Data segment below:

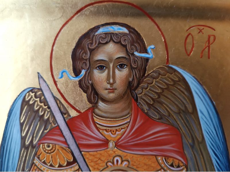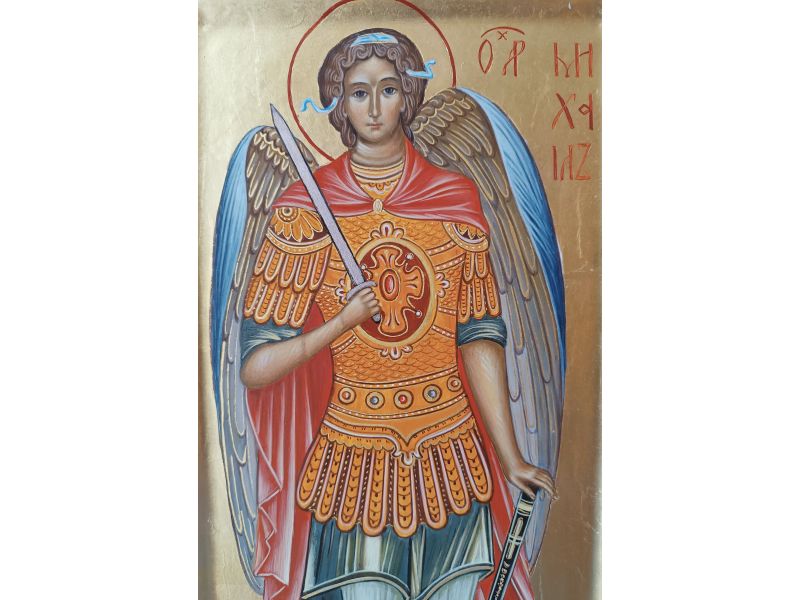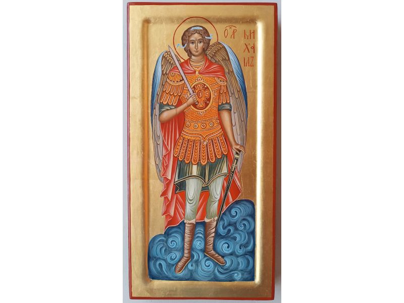 Icona Arcangelo Michele, 21x42 cm, con culla
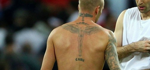 脖子后方,小贝的纹身是一个带翅膀的十字架,寓意受苦受难,方能提升。
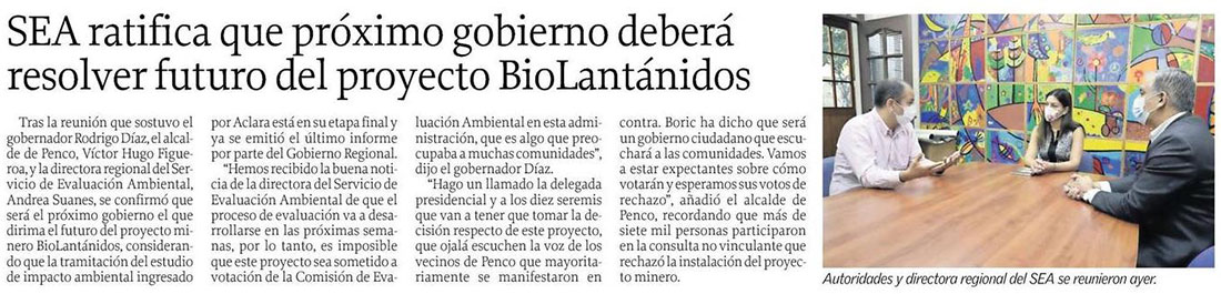 Gobierno entrante decidirá sobre proyecto de tierras raras en Penco - (Diario Concepción)

End of Data segment.

Work item: Output the full listing verbatim; pictures stay out.

Exercise response:
 Icona Arcangelo Michele, 21x42 cm, con culla
 脖子后方,小贝的纹身是一个带翅膀的十字架,寓意受苦受难,方能提升。
 Gobierno entrante decidirá sobre proyecto de tierras raras en Penco - (Diario Concepción)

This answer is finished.